Karl Jakob Moritz Heussenstamm (born June 4, 1835 in Frankfurt am Main , † July 29, 1913 there ) was a German local politician and official.

Life and work

Karl Heussenstamm came from a family of carpenters that has been documented in Frankfurt since the 17th century. Only his father Georg Jakob Heussenstamm became a lawyer and mortgage bookkeeper. His son studied after graduating from school at the municipal gymnasium also his birthplace Law, in Heidelberg and Goettingen, where he joined the fraternity Hannovera joined

After graduation and doctorate as Dr. jur. Heussenstamm was initially a lawyer in Frankfurt am Main. There he belonged to the Democratic Association . In 1873 he was elected to the city council as a member of the Progressive People's Party . He was immediately given the office of secretary. A year later, Karl Heussenstamm became second chairman of the city council; from 1877 to 1880 he was first chairman. In that year he was elected Second Mayor (re-elected in 1892, retired in 1899).

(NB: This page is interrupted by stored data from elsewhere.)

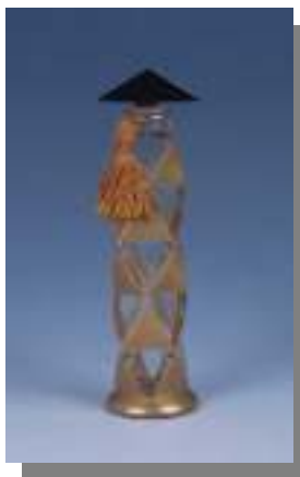
Figura 3 - Arlequinade, Les Parfums de Rosine 1920.

BAUDOT (2008), afirma que o estilista Paul Poiret inaugurou o conceito do perfume de costureiro.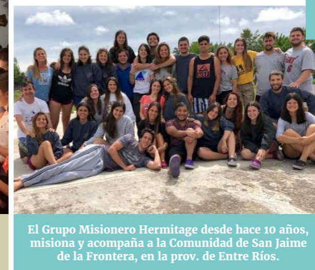
El Grupo Misionero Hermitage desde hace 10 años, misiona y acompaña a la Comunidad de San Jaime de la Frontera, en la prov. de Entre Ríos.

Retiro "PARTIR": Durante dos días, compartimos, reflexionamos y nos acercamos un poco más a Jesús."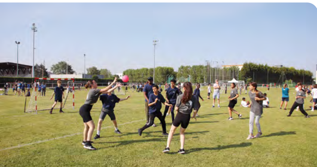
Les 14 et 15 juin, Gonfreville Handball a organisé l'opération Totalement Hand réunissant plus de 500 enfants et collégiens de l'agglomération au complexe Baquet.

So he was first deputy to Lord Mayor Johannes von Miquel and from 1890 to Lord Mayor Franz Adickes .

Karl Heussenstamm was chairman of the local school authority and campaigned for the expansion of the simultaneous school , especially when efforts were made to build more denominational schools. In addition, he was a member of supervisory bodies of various social organizations.

After his retirement he continued to be active in local politics. He remained a member of the Hessian Landtag for Wiesbaden and Hessen-Nassau (1890–1910 Liberal Party, 1910–1913 Progressive People's Party) and held the chairmanship of the district association of the Wiesbaden administrative district until his death. Karl Heussenstamm, who never made a secret of his free and liberal convictions, mainly worked in the background during his time as Second Mayor. In the upper class Frankfurt am Main he was a partisan of the "common people".

Heussenstamm Foundation

Heussenstamm bequeathed his considerable fortune to the city of Frankfurt in a will with the stipulation that the interest income should be used for welfare maintenance. This resulted in the Heussenstamm Foundation, which went into distress during the inflationary period after the First World War, but was reactivated after the Second World War. It still exists today and is dedicated to helping artists and helping elderly people in need. During the Nazi dictatorship and its racist politics, other Frankfurt foundations, especially those owned by Jewish founders, were incorporated into the Heussenstamm Foundation. Today, the city and the foundation see it as their responsibility to name this injustice and to make the tradition of these incorporated foundations visible again.

Honors

The city of Frankfurt am Main honored the mayor and benefactor by the district Dornbusch the Heussenstamm street named after him.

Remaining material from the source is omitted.